Observability Guide - Loan Defenders
Overview
The Loan Defenders application implements enterprise-grade observability using out-of-the-box solutions from OpenTelemetry, Azure Monitor, and Microsoft Agent Framework. This guide covers how to use observability features for debugging, performance analysis, and cost management.
Architecture
┌─────────────────────────────────────────────────────────────────┐
│ Azure Application Insights │
│ ┌──────────────┐ ┌──────────────┐ ┌──────────────┐ │
│ │ Traces │ │ Logs │ │ Metrics │ │
│ └──────────────┘ └──────────────┘ └──────────────┘ │
└─────────────────────────────────────────────────────────────────┘
▲
│ OpenTelemetry Exporter
│
┌─────────────────────────────────────────────────────────────────┐
│ Loan Defenders API (FastAPI) │
│ │
│ ┌──────────────────────────────────────────────────────┐ │
│ │ OpenTelemetry Auto-Instrumentation │ │
│ │ • configure_azure_monitor() │ │
│ │ • FastAPIInstrumentor.instrument_app() │ │
│ └──────────────────────────────────────────────────────┘ │
│ │
│ ┌──────────────────────────────────────────────────────┐ │
│ │ Observability Utilities │ │
│ │ • Correlation ID tracking (ContextVar) │ │
│ │ • Token usage logging │ │
│ │ • Agent Framework observability │ │
│ └──────────────────────────────────────────────────────┘ │
│ │
│ ┌──────────────────────────────────────────────────────┐ │
│ │ Application Components │ │
│ │ • API Endpoints (/api/chat, /api/sessions) │ │
│ │ • Conversation Orchestrator │ │
│ │ • Sequential Pipeline (Agent Workflow) │ │
│ │ • MCP Servers (Tools) │ │
│ └──────────────────────────────────────────────────────┘ │
└─────────────────────────────────────────────────────────────────┘
Components
1. OpenTelemetry Auto-Instrumentation
Automatically captures: - HTTP request/response (FastAPI endpoints) - HTTP client calls (httpx, requests to external APIs) - Database calls (if applicable) - Exception stack traces
Configuration (loan_defenders/api/app.py:56-82):
# Automatically configured from environment variables
configure_azure_monitor()
FastAPIInstrumentor.instrument_app(app, excluded_urls="/health,/docs,/redoc")
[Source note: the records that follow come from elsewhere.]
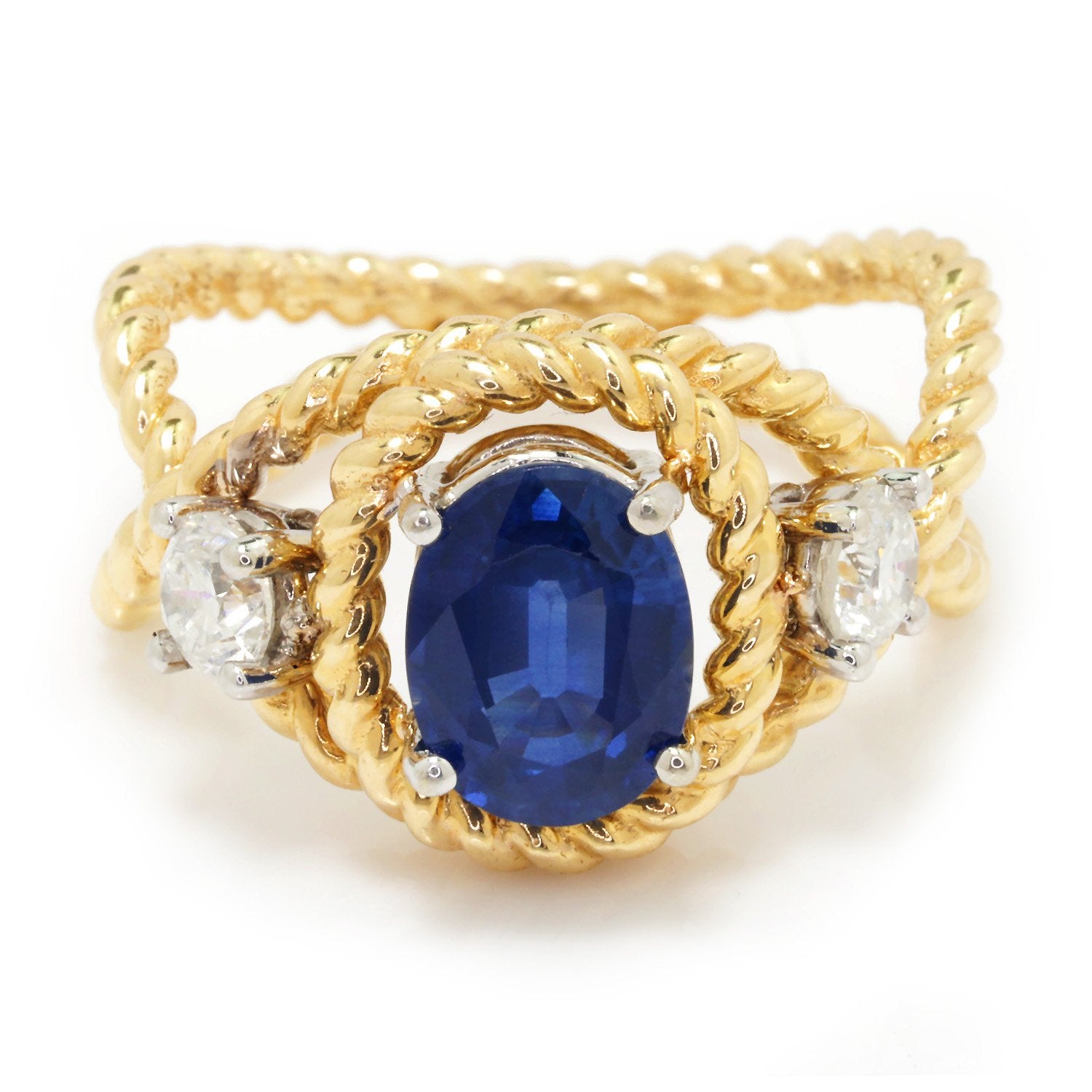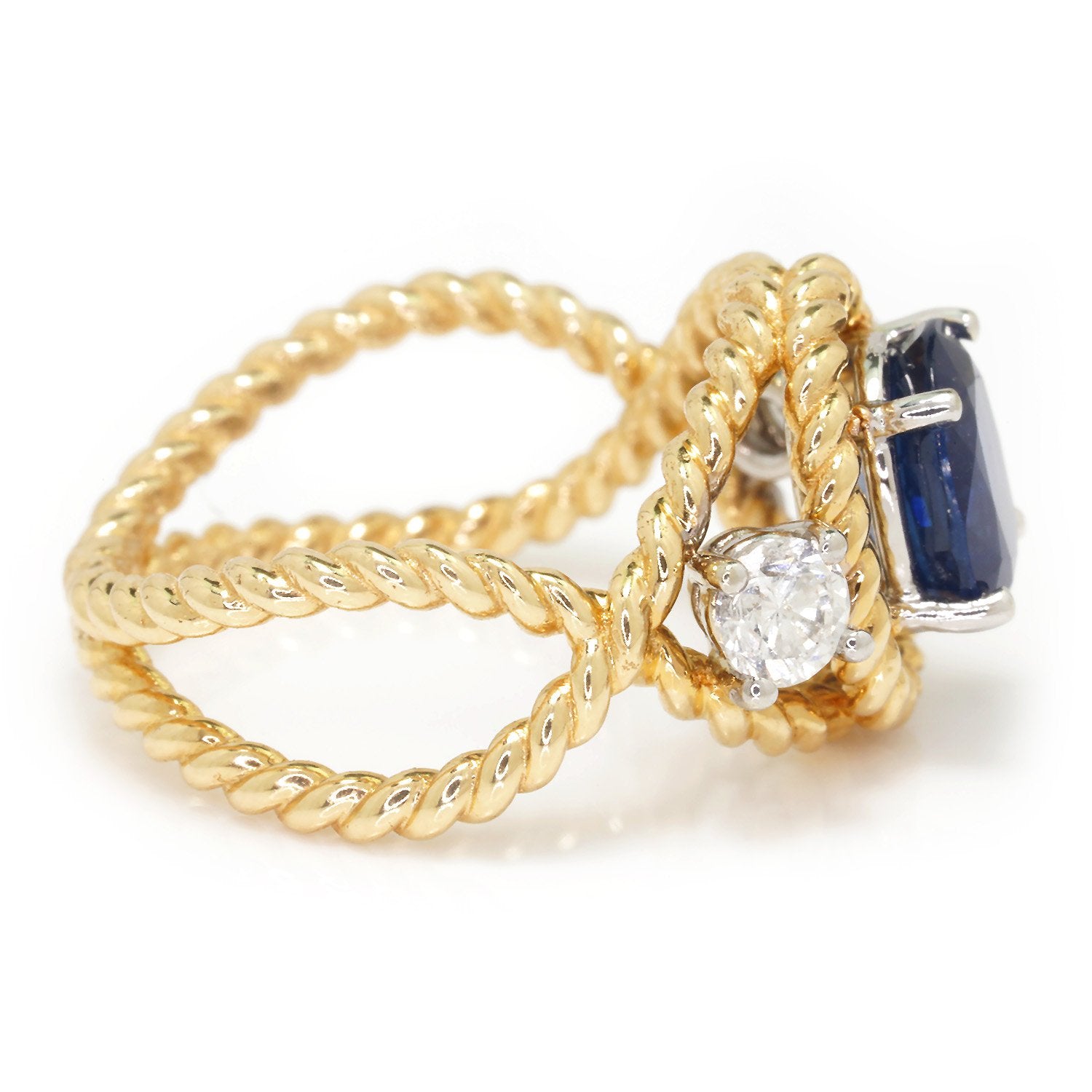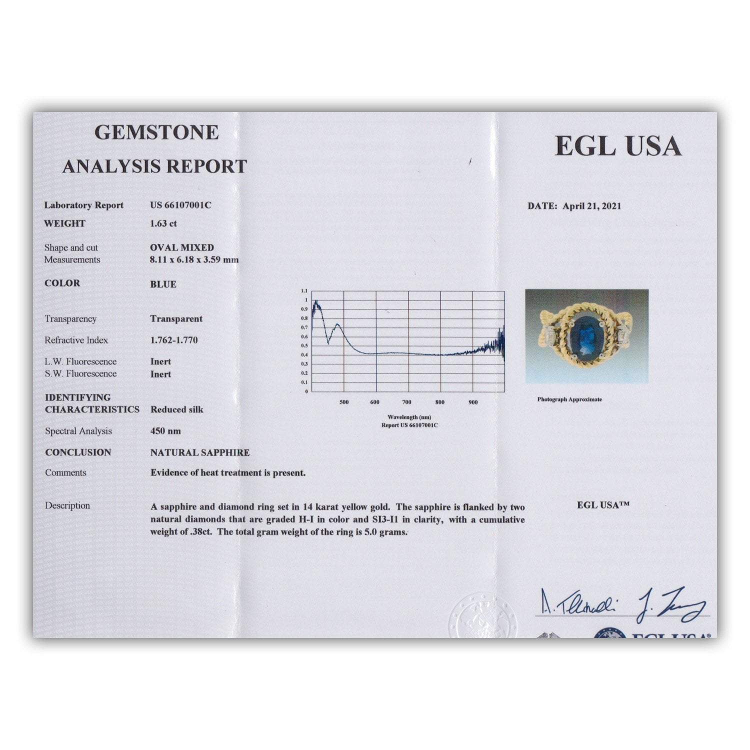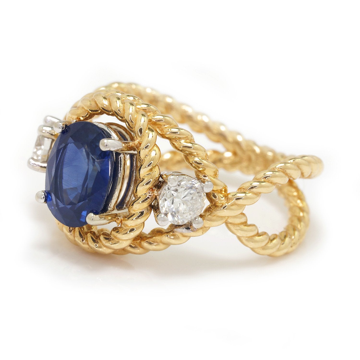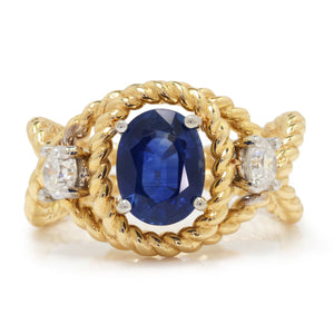 An intricate and lovely gold rope swirls around a striking oval cut natural sapphire and accent round diamonds. The vintage ring has been certified by EGL USA to contain a natural blue sapphire weighing 1.63 carats with evidence of heat treatment and appraised by UGS for $4,925. The accent natural diamonds weigh 0.38 carats total and are set in sturdy white gold settings along with the sapphire. The solid 14kt yellow gold rope is made for a 5.75 ring size and is not resizable. The beautiful blue September birthstone looks absolutely radiant next to the rich gold and brilliant diamonds. It's pre-owned and in Excellent condition.
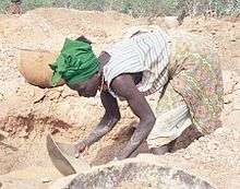 Guinea's bauxite reserve is 7.4 billion metric tons, which is 26.4 percent of global reserves.[2] High-grade iron ore reserves account for more than 4 billion tonnes. Diamond and gold deposits, as well as uranium, have also been reported.[3] The mineral industry has provided job opportunities to 10,000 people. In the export sector, mining has contributed to as high as 90% in earnings from foreign exchange. It now ranks sixth in global standing in the production of bauxite.[1] Despite holding large mineral resources, Guinea, with 9,000,000 people, has a low income level, with the average wage less than one dollar a day.[7]
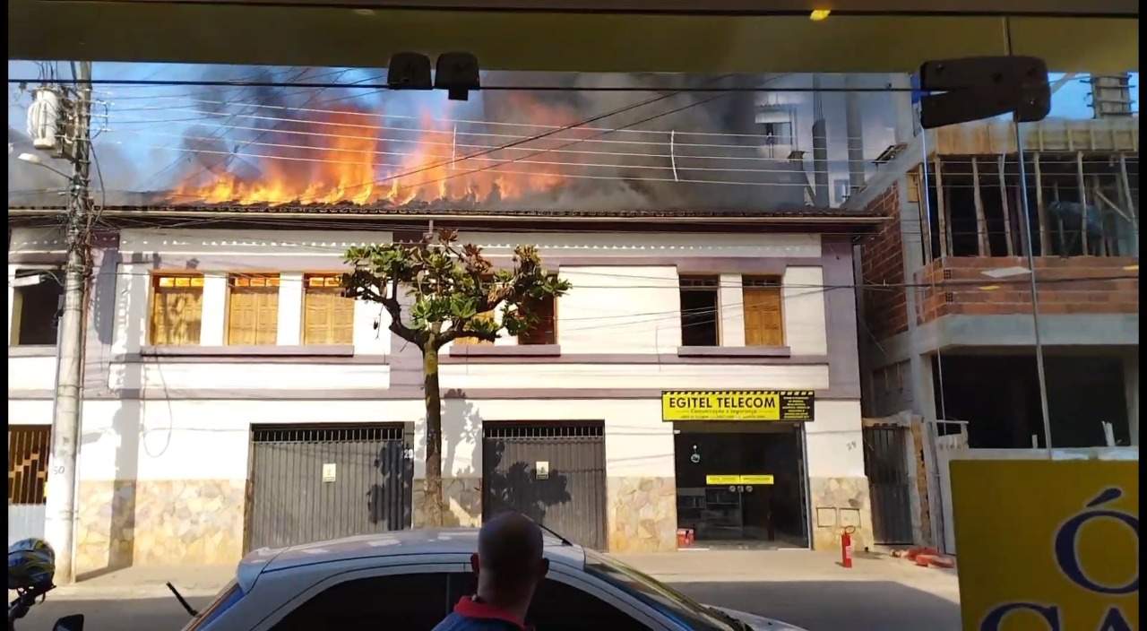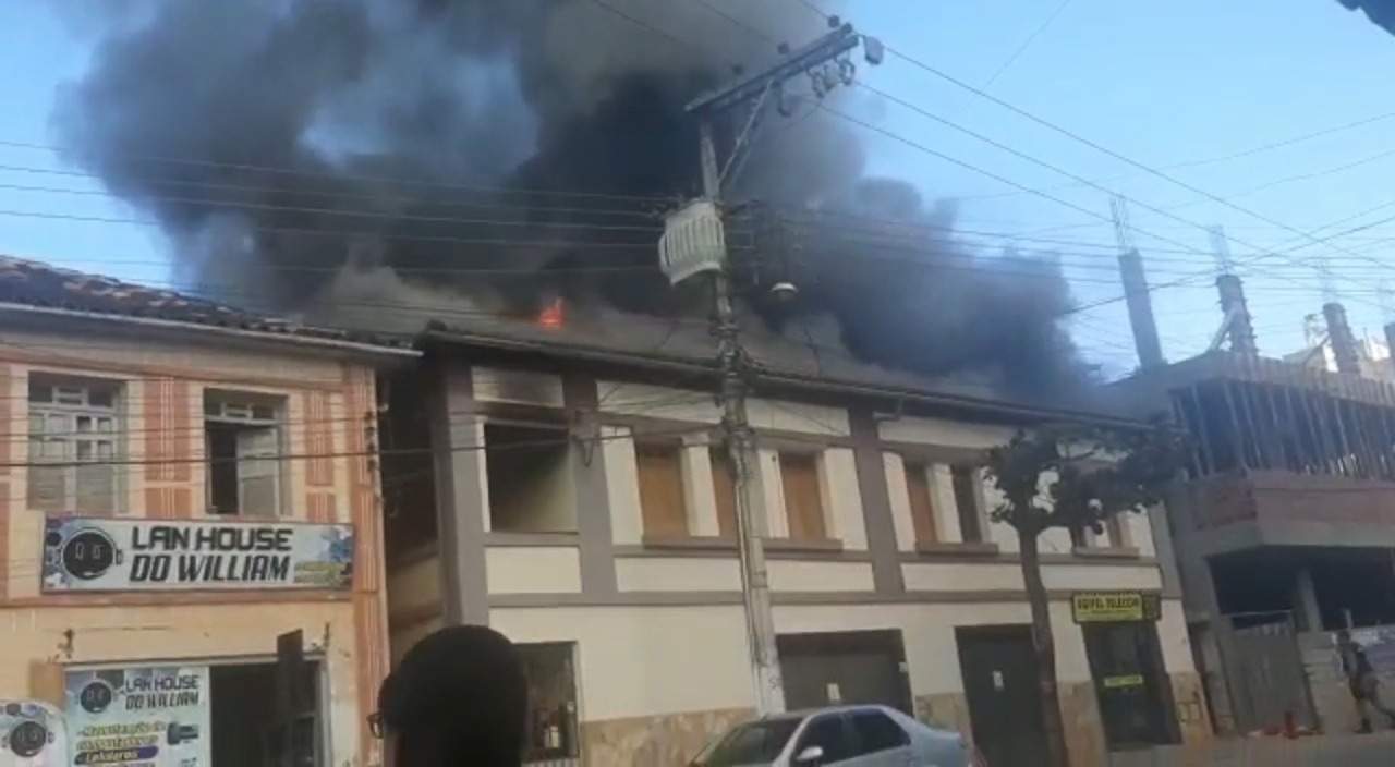 SIMONÉSIA (MG) - A comunidade de Simonésia acompanhou assustada o incêndio que atingiu um antigo casarão na região central da cidade, na tarde desta terça-feira, 14/06.
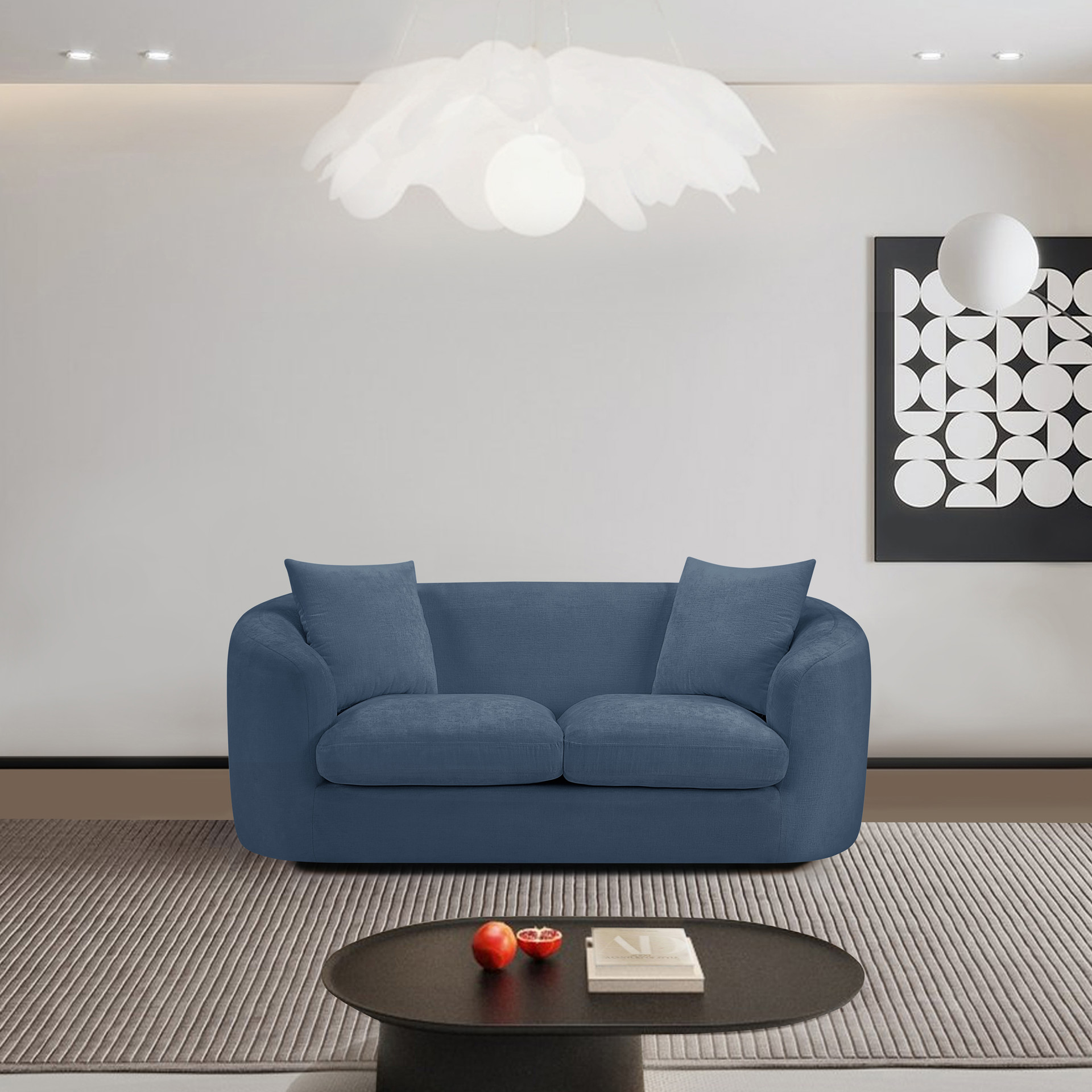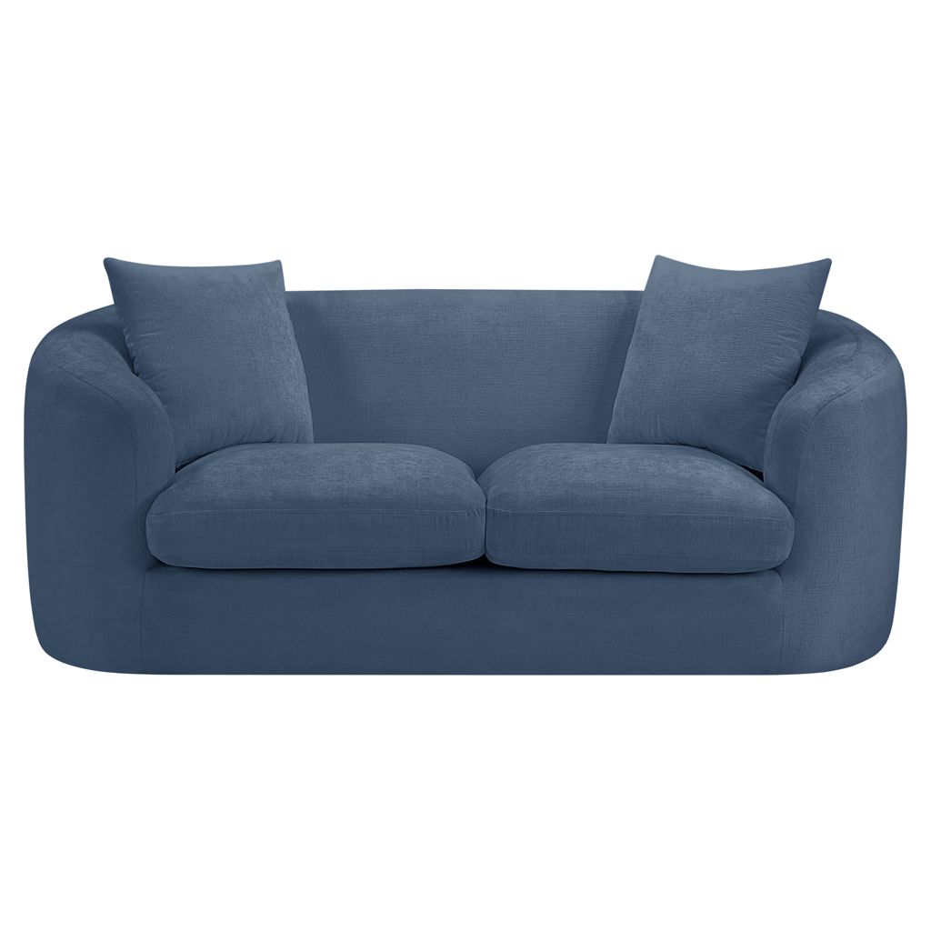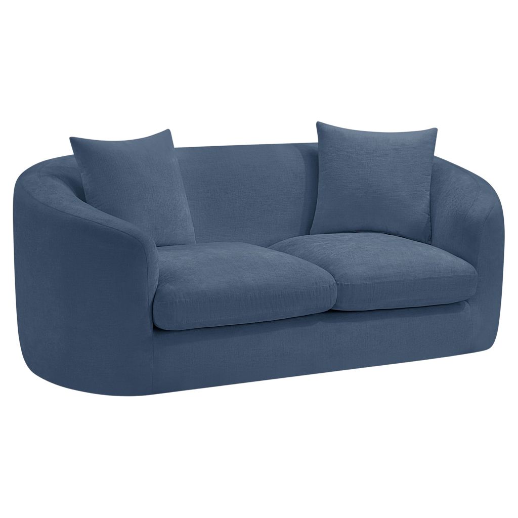 Discover the sophisticated charm of the Penelope loveseat, crafted in luxurious soft blue chenille fabric. This elegant piece features a solid wood inner frame for durability and a contemporary design that elevates any space.
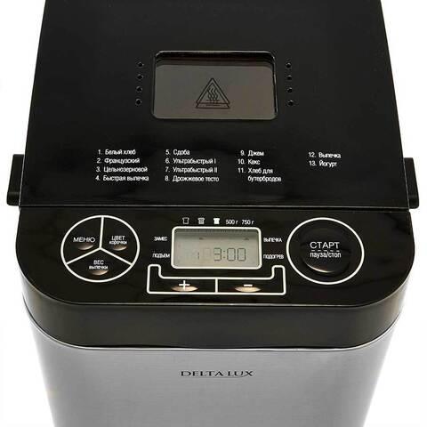 Хлебопечь Delta LUX DL-8008B поможет получить в домашних условиях прекрасный ароматный хлеб, в качестве которого владелец будет уверен благодаря тому, что лично подбирал для него ингредиенты. Прибор выполняет все необходимые операции: замешивает тесто, дает расстояться, при необходимости обминает время от времени, чтобы структура хлеба была однородной, выпекает. В Delta LUX DL-8008B можно получить буханку весом до 750 г. Пользователь имеет возможность выбрать даже цвет корочки. Хлебопечь оснащена 13 программами для получения разных видов хлеба, выпечки, йогурта и джема. Прибор можно также использовать для замеса и расстойки теста для последующей выпечки в духовке (для подового хлеба, пирогов, ватрушек и других изделий). Форма снабжена антипригарным покрытием, что облегчает уход за ней.
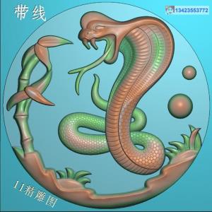 圆形竹子蛇牌挂件带线精雕图
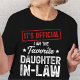 Si buscas la idea perfecta de regalos para tu nuera favorita en su cumpleaños, boda o fiesta de compromiso también para el traje de pareja de la reunión familiar. Este gracioso dicho "Es oficial que soy la hija favorita en la ley" será un éxito para ella.

2. Microsoft Agent Framework Observability
Automatically captures (loan_defenders/utils/observability.py:52-58):
- Agent execution traces
- Token usage (input/output tokens)
- Agent performance metrics
- Cost estimation
Configuration:
setup_observability(
applicationinsights_connection_string=os.getenv("APPLICATIONINSIGHTS_CONNECTION_STRING"),
enable_sensitive_data=False, # Never log PII
enable_live_metrics=True, # Real-time monitoring
)
3. Correlation ID Tracking
Purpose: Track requests end-to-end across API → Agents → MCP servers
Implementation (loan_defenders/api/app.py:93-136):
- Middleware extracts X-Correlation-ID header or generates UUID
- Stored in ContextVar (thread-safe for async)
- Automatically added to all logs via Observability.get_correlation_id()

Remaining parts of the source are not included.